[ntp:questions] Do logs indicate a config problem?
David Lord
snews at lordynet.org
Fri Jul 16 10:34:06 UTC 2010
Ulrich Windl wrote:
> David Lord <snews at lordynet.org> writes:
>
>> Do logs indicate a config problem?
>>
>> system server1: MSFa, PPSa peer=server2 and remote servers
>> system server2: peer=server1 and remote servers
>> system server3: GPSb, PPSb, server2 and server1
>>
>>
>> This is total logged over period Feb 7 to Feb 12:
>> ntp.log.server1:
>> 7 Feb 19:22:39 ntpd[26820]: clock SHM(0) event 'clk_noreply' (0x01)
>> 7 Feb 19:22:40 ntpd[26820]: clock PPS(0) event 'clk_noreply' (0x01)
>> 7 Feb 19:27:01 ntpd[26820]: synchronized to SHM(0), stratum 0
>> 7 Feb 19:27:01 ntpd[26820]: kernel time sync status change 2001
>> 7 Feb 19:28:01 ntpd[26820]: synchronized to PPS(0), stratum 0
>> 12 Feb 10:13:44 ntpd[26820]: sendto(xxx.xxx.xx.xx) (fd=27): Host is down
>> 12 Feb 10:20:41 ntpd[26820]: ntpd exiting on signal 15
>>
>>
>> This is tiny section of log on server1 with similar entries
>> repeating continuously over whole period Feb 12 to Feb 14. There
>> were too many reboots and restarts over period for peerstats to
>> be useful.
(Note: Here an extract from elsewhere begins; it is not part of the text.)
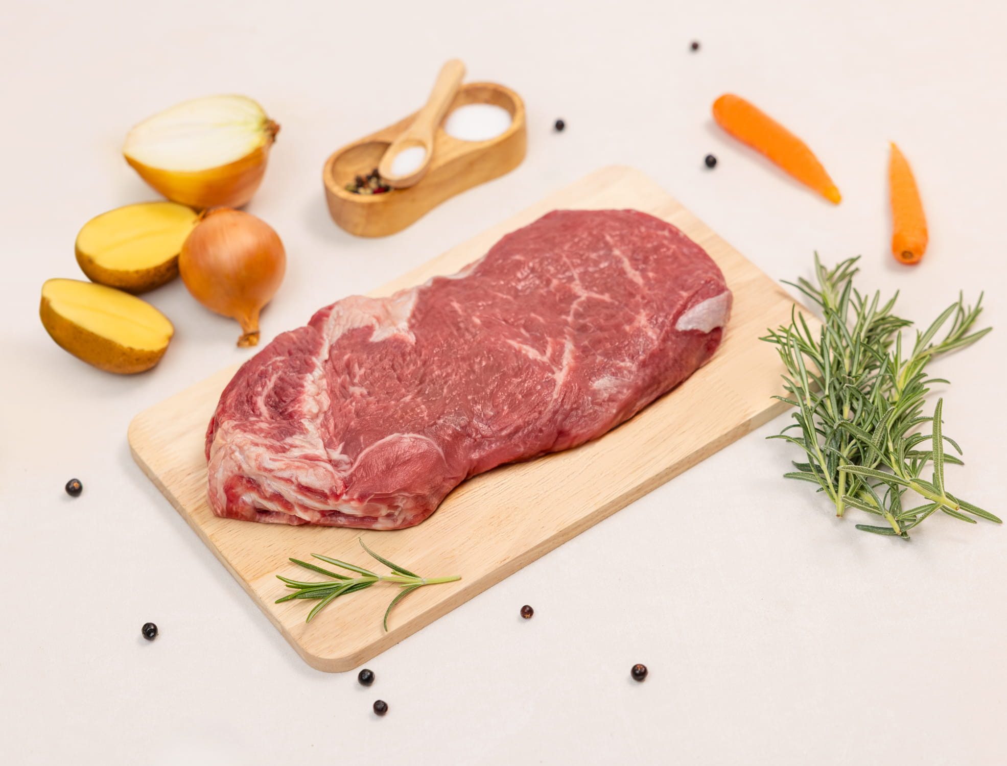 Rostbef wołowy eko to propozycja dla miłośników konkretnego, mięsnego aromatu i idealnej tekstury. Pochodzący z certyfikowanych hodowli ekologicznych, charakteryzuje się czystym składem i naturalnym tempem wzrostu zwierząt, co przekłada się na unikalne walory kulinarne. Jeśli szukasz balansu między delikatnością polędwicy, a głębią smaku antrykotu, nasz rostbef będzie strzałem w dziesiątkę. Rostbef jest bogaty w wartości odżywcze. To doskonałe źródło czystego białka (ok. 22g na 100g produktu). Ze względu na niższą zawartość tłuszczu wewnątrz mięśnia, jest chętnie wybierany przez osoby na diecie redukcyjnej i sportowców. Zawiera dużą dawkę cynku, selenu oraz witaminy B12, niezbędnej dla układu nerwowego.

I swapped kernels attempting to get frequency offset
>> down from just over 50ppm but the autoconfig still gave 50ppm
>> (on NetBSD-3.1 I could set "options TIMER_FREQ=" to get < 10ppm
>> without problem).
>>
>> ntp.log.server1:
>> 13 Feb 07:07:48 ntpd[22483]: kernel time sync status change 2901
>> 13 Feb 07:08:53 ntpd[22483]: kernel time sync status change 2101
>> 13 Feb 07:09:59 ntpd[22483]: kernel time sync status change 2301
>> 13 Feb 07:17:28 ntpd[22483]: kernel time sync status change 2501
>> 13 Feb 07:18:32 ntpd[22483]: kernel time sync status change 2301
>> 13 Feb 07:19:38 ntpd[22483]: kernel time sync status change 2901
>> 13 Feb 07:20:41 ntpd[22483]: kernel time sync status change 2301
>> 13 Feb 07:21:47 ntpd[22483]: kernel time sync status change 2101
>> 13 Feb 07:22:50 ntpd[22483]: kernel time sync status change 2501
>> 13 Feb 07:23:54 ntpd[22483]: kernel time sync status change 2101
>>
>> from timex.h:
>> 0x0001 enable pll updates
>> 0x0002 enable pps freq discipline
>> 0x0004 enable pps time discipline
>> 0x0100 pps signal present
>> 0x0200 pps signal jitter exceeded
>> 0x0400 pps signal wander exceeded
>> 0x0800 pps signal calibration error
>
> Hi!
>
> I'd say all 0x800 and 0x400 should never happen unless there is a severe
> problem. 0x200 should also happen extremely rarely under normal
> conditions. (based on my NTP/Linux experience several years ago)
>
> Regards,
> Ulrich
>
>>
>> This is total logged over period Feb 14 to Feb 19:
>> ntp.log.server1
>> 14 Feb 10:49:34 ntpd[169]: clock SHM(0) event 'clk_noreply' (0x01)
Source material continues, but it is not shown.